■ **AIM OF THE EXERCISE**: Start with the line that holds "Uhr, Kinderuhr aus". Please copy it and each remaining line below exactly, leaving pictures out.

■ **GIVEN INFORMATION**:
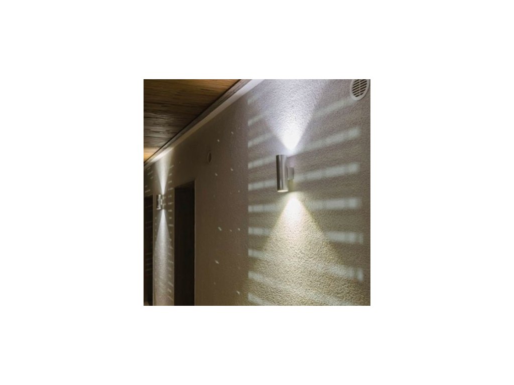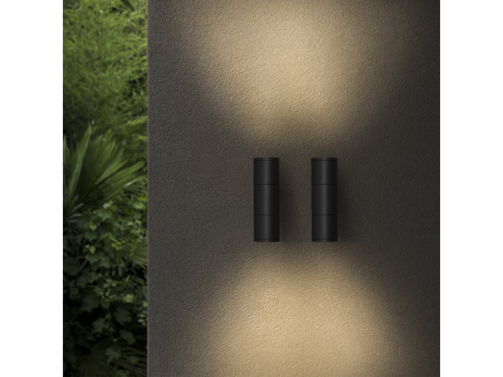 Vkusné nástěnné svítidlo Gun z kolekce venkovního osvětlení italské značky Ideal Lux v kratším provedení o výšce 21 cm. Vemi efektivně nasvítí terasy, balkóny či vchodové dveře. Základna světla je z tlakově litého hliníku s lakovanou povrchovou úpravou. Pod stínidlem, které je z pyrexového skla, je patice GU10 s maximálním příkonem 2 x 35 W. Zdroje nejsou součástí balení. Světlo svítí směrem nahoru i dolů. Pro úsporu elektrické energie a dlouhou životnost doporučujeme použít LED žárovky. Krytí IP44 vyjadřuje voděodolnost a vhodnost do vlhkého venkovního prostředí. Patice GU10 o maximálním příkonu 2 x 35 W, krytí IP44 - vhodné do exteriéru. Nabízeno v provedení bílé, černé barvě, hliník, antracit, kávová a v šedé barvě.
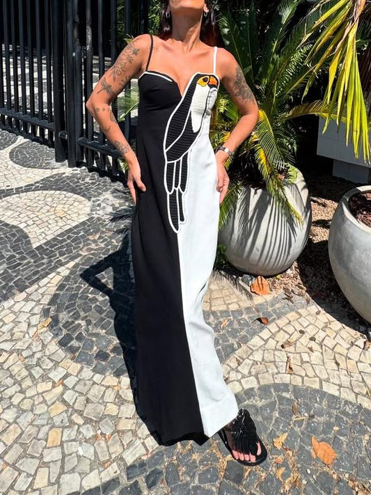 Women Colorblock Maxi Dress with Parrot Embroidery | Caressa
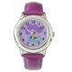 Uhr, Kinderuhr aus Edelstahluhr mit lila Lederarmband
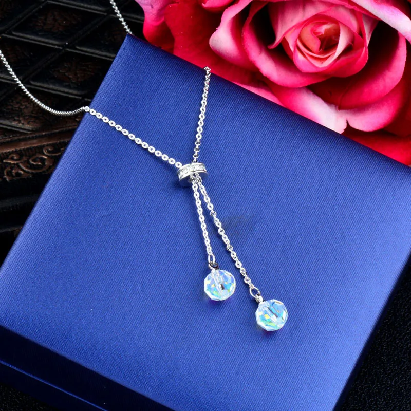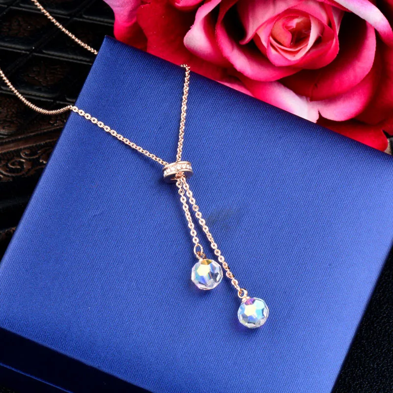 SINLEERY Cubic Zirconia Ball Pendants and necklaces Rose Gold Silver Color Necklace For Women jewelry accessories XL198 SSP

■ **ANSWER AREA**:
 Uhr, Kinderuhr aus Edelstahluhr mit lila Lederarmband
 SINLEERY Cubic Zirconia Ball Pendants and necklaces Rose Gold Silver Color Necklace For Women jewelry accessories XL198 SSP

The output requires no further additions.